The mug was set down before me; I look in and saw dark brown liquid with a bit of foam at the center. I ignored it and continued to talk, "The only thing that defines you is your actions. If you don't do anything, you are nothing. I'm ok with that, I like being nothing." I pull the mug closer; it warmed my fingers, "What is this?"
"Coffee."
"Drugged?" I turned the cup around and peered inside.
"Obviously," the man replied, "we placed our fast acting special concoction that we made specifically for you, unique snowflake."

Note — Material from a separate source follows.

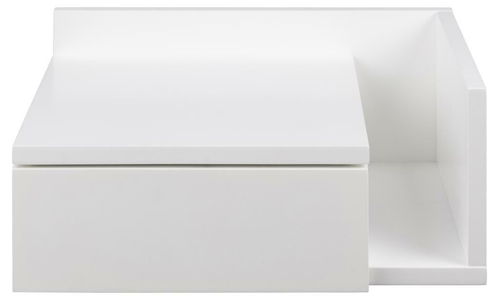 Szafka Ashlan doskonale nada się jako szafka nocna. Jej minimalistyczny kształt i geometria sprawiają że doskonale odnajdzie się w nowoczesnej sypialni, ale również salonie. Szafka wykonana została z płyty MDF. Szafkę Ashlan można postawić koło łóżka, ale również bez mniejszego problemu powiesić na ścianie. Szuflada pomieści drobne przedmioty a przestrzeń między blatami sprawdzi się jako półka na książki czy ulubioną gazetę. Szafka oprócz szuflady posiada także niewielką boczną półkę. Ilość kartonów: 1 Wymiary kartonów: 45,8x34,5x9cm Waga kartonów: 6,1kgCechy produktu

"It's more potent than Victory Gin?" I sipped a mouthful, it was repulsive, "I never had coffee before. My mom did before rations ran out. This will make me forget everything."
"Suppress, not forget," he corrected, "You must drink the whole thing. If this doesn't work, then…" He trailed off. I understood.
"I'll never see you again, comrade. I'll never go through your inane questions and meetings." My visions were already fuzzy and beginning to tilt. I tipped the cup up in salute, "To sheep and Big Brother." I started drinking till I was halfway through, then I paused, laughed, and grinned widely, "To Goldstein!"
I chugged the rest down and my world spun.